— Assignment —
Although the data below contains pictures, output only the lines between those holding "Now that we" and "2、这时该应用正在请求超级用", inclusive, exactly and without those pictures.

— Task input —
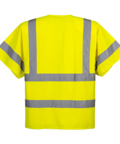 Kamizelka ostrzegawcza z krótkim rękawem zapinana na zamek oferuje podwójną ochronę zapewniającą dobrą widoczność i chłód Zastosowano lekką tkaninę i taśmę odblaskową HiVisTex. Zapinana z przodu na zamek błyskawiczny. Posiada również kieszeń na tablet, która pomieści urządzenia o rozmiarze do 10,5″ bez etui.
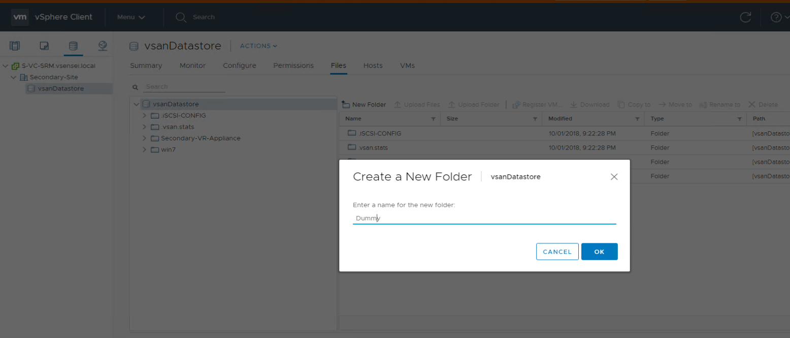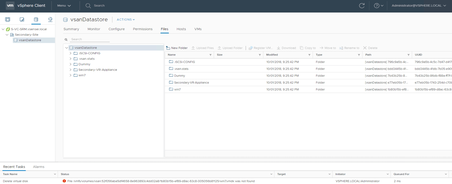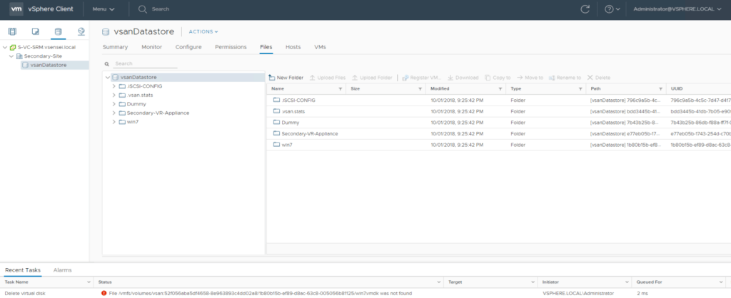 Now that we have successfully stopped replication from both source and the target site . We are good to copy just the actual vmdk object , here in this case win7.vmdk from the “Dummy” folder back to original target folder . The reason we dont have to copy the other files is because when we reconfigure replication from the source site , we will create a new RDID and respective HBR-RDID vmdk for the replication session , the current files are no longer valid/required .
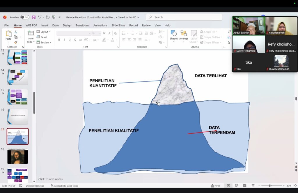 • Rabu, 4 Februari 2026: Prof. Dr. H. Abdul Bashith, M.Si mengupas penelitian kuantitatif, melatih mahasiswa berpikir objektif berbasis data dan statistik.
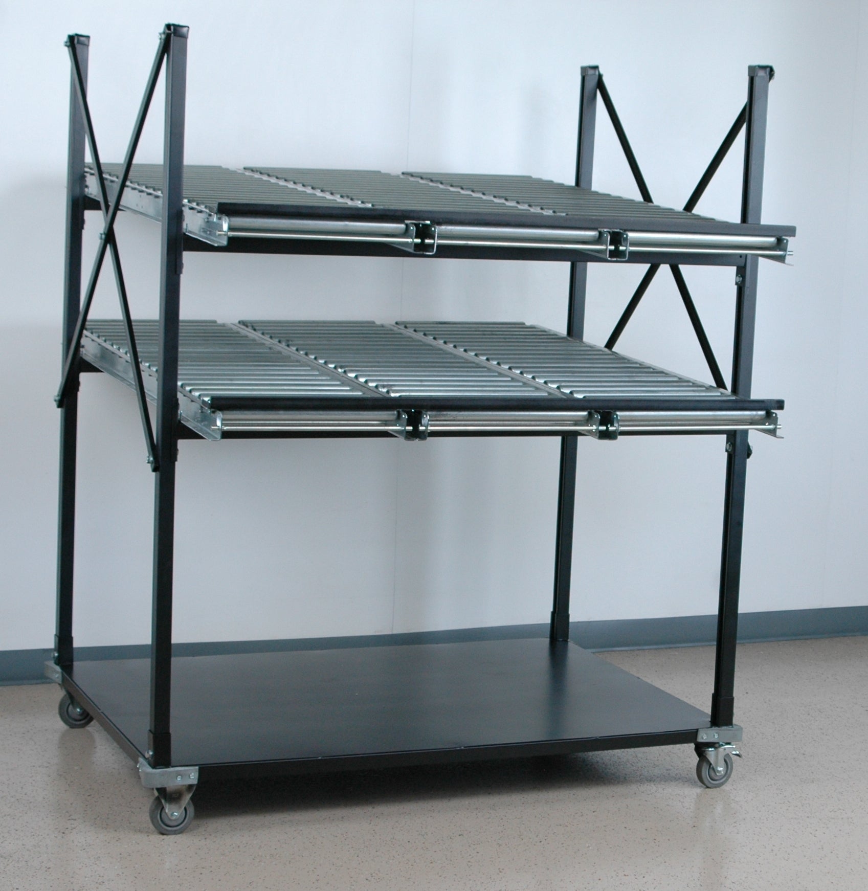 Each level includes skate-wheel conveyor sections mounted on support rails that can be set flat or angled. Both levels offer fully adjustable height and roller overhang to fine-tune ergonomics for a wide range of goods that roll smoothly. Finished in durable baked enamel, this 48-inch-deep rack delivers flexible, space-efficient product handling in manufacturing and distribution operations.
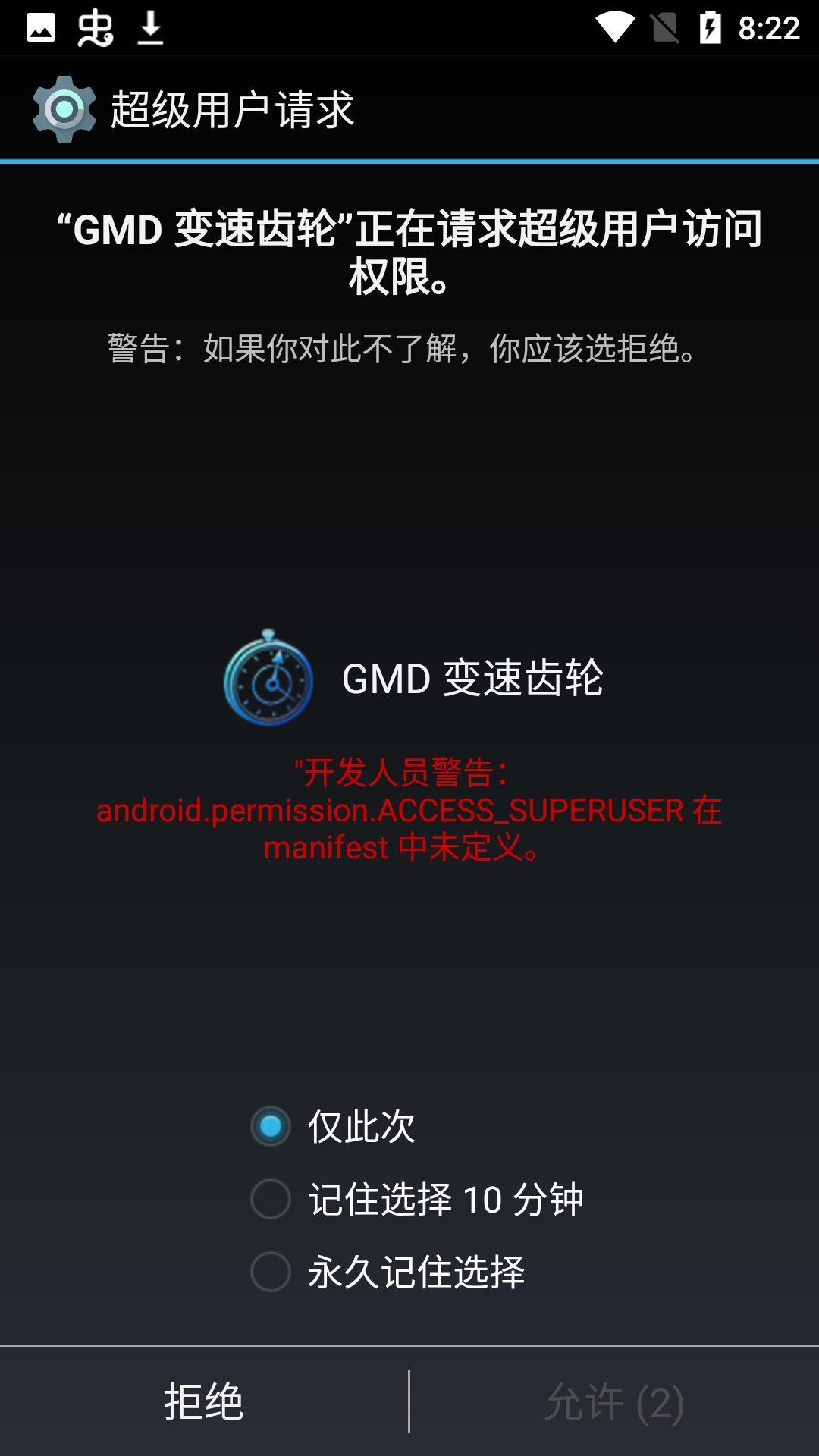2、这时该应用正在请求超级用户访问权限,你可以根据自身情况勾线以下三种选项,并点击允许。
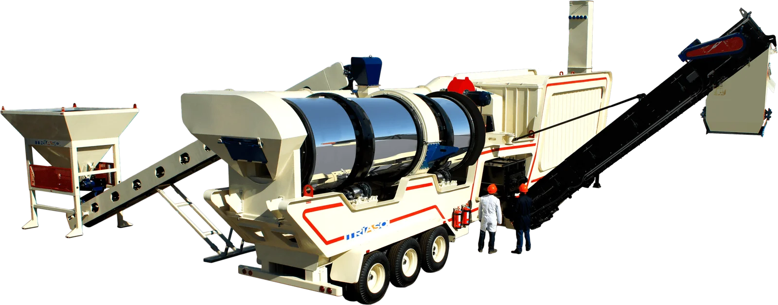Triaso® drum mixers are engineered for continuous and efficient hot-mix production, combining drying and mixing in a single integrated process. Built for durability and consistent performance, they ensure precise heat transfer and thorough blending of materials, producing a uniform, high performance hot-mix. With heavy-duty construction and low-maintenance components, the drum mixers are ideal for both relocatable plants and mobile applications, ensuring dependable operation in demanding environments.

— Solution below —
 Now that we have successfully stopped replication from both source and the target site . We are good to copy just the actual vmdk object , here in this case win7.vmdk from the “Dummy” folder back to original target folder . The reason we dont have to copy the other files is because when we reconfigure replication from the source site , we will create a new RDID and respective HBR-RDID vmdk for the replication session , the current files are no longer valid/required .
 • Rabu, 4 Februari 2026: Prof. Dr. H. Abdul Bashith, M.Si mengupas penelitian kuantitatif, melatih mahasiswa berpikir objektif berbasis data dan statistik.
 Each level includes skate-wheel conveyor sections mounted on support rails that can be set flat or angled. Both levels offer fully adjustable height and roller overhang to fine-tune ergonomics for a wide range of goods that roll smoothly. Finished in durable baked enamel, this 48-inch-deep rack delivers flexible, space-efficient product handling in manufacturing and distribution operations.
2、这时该应用正在请求超级用户访问权限,你可以根据自身情况勾线以下三种选项,并点击允许。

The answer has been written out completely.